Another very popular pattern for bearish reversals is the Dark Cloud Cover. This pattern is a highly predictable pattern that typically plays out as a bearish reversal (when found at resistance).
Again, the challenge is this pattern needs to have an opening gap!
The Dark Cloud Cover becomes a challenging pattern intra-day because we cannot have the opening gap. Instead, we classify it this way: any pattern that trades at least halfway into the previous day but not more than the entire candle body.
You notice how small the distinction can be. If the second candle doesn’t move at least half-way, by definition, we would need to call it a Harami. If it moves more than the full size of the candle, by definition we now have an engulfing pattern.
Here’s my personal feeling (not a textbook): On an intra-day chart, the Dark Cloud Cover and Harami are essentially the same patterns. I would not suggest spending precious day trading time splitting hairs of how you name this candle.
Similar to a traditional Harami, this pattern can work as a reversal, but it also can be equally neutral. As such, it is not as strong as an engulfing pattern and certainly not as strong as the traditional Dark Cloud Cover.
Morning and Evening Star patterns are excellent reversal signals. Even though they both require gaps, the conversion to an intraday pattern is quite simple:
Here’s a traditional morning star pattern:
All we need to do is remove the gaps and it looks like this:
One challenge that can confuse traders is the middle candle. The middle candle does not need to be either black or white; both work just fine. But when there is no gap, it can create a slightly different looking image. Here are two variations of the same setup but with the middle candle alternating between black and white:
These two images look quite different because there is no gap on the intra-day chart. On a regular daily chart, the Morning Star is clearer, because of the gaps. Yet, both of these iterations are perfectly legitimate as a Morning Star Reversal on an intra-day chart.
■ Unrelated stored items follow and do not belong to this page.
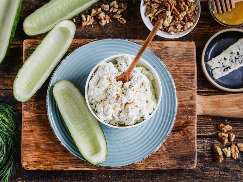 Ogórki myjemy, przekrawamy na pół i wydrążamy środek. W osobnej misce mieszamy ser twarogowy z gorgonzolą. Dodajemy łyżkę jogurtu naturalnego. Doprawiamy posiekanym koperkiem, solą oraz pieprzem.
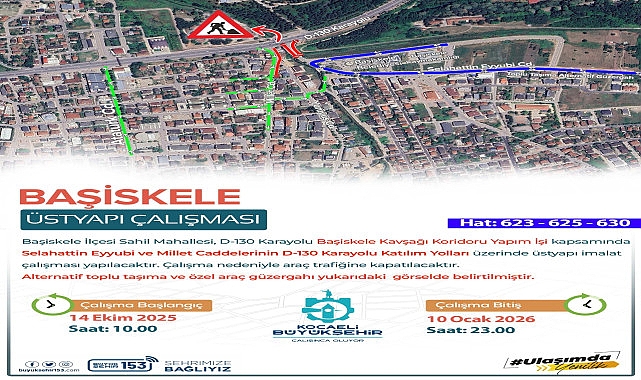 D-130 BAĞLANTI YOLLARI ÜZERİNDE ÇALIŞMAKocaeli Büyükşehir Belediyesi, D-130 Karayolu üzerinde yapımı süren “Başiskele Kavşağı Koridoru Projesi” kapsamında önemli bir trafik düzenlemesi yapıyor. Proje çalışmaları çerçevesinde, Selahattin Eyyubi Caddesi ve Millet Caddesi’nin D-130 Karayolu’na bağlantı yolları üzerinde imalat çalışmaları başlatılacak. Bu nedenle söz konusu bağlantı yolları geçici süreyle araç trafiğine kapatıldı. ALTERNATİF GÜZERGÂHLAR14 Ekim Salı günü (bugün) saat 10.00’dan itibaren başlayan yol kapanışının, 10 Ocak 2026 Cumartesi günü saat 23.00’e kadar sürmesi planlanıyor. Bu süre zarfında özel araç ve toplu taşıma kullanıcıları, herhangi bir aksaklık yaşamamaları için Atatürk Caddesi, Millet Caddesi ve Yürüyüş Caddesi güzergâhına yönlendirilecek. Ayrıca çalışma süresince trafik işaret ve levhalarına dikkat edilmesi önemle vurgulanıyor.
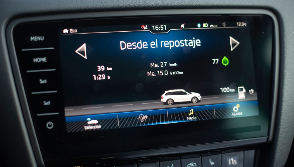 La unidad probada monta el bloque gasolina 1.8 TSI de 180 CV junto al reconocido cambio automático DSG de 6 velocidades. Si bien es cierto que el grupo VAG ha avanzado mucho en cuanto a transmisiones, el DSG sigue ofreciendo una fiabilidad excelente y un paso por marcha más que suficiente para el uso del Skoda Octavia Scout. El resto de gama de motorizaciones se reduce a dos diésel 2.0 TDI de 150 CV y 184 CV pero tras probar la opción gasolina solo nos pensaríamos el de mayor potencia, descartando el de menor empuje.
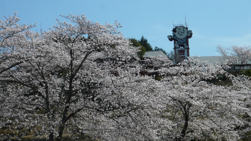 上の方には民話「吉四六さんの天のぼり」をイメージした吉四六ランドのシンボルタワーが
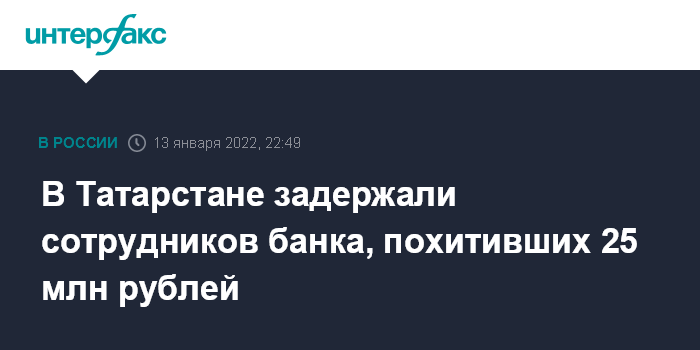 "Злоумышленники в Набережных Челнах совершили хищение из банковской организации вверенных им денежных средств на общую сумму 25 млн рублей в период с 3 декабря по 30 декабря 2021 года", - говорится в сообщении.

The evening star is the exact same principle. To identify an intra-day evening star pattern, just remove the expectation of the gap:
Morning Star and Evening Star patterns are excellent reversal signals in the traditional sense on a daily chart, and they are equally good on an intra-day chart. In my experience, both of these patterns are probably the most reliable intra-day reversal signal. These are two patterns you should become very acquainted with and learn to recognize regardless of the time frames you tend to trade.
Now that we have looked at how we adapt regular reversal patterns into intra-day patterns, let’s address the issue of the Tweezer Pattern on an intra-day chart.
Tweezer patterns, in general, are the subject of controversy. Some people think they are great reversal patterns, and some people think they are not.
Technically all of these patterns below are tweezer patterns:
The challenge is that not all of these patterns lead to good signals. I refer to what I call the “ideal tweezer pattern.” This is a tweezer top or bottom where both candles are of similar size.
More often than not, when we find the above setups, the tweezer works as a very good reversal signal.
(For broader insight into this issue you can read my article “How to correctly interpret the tweezer candlestick pattern”)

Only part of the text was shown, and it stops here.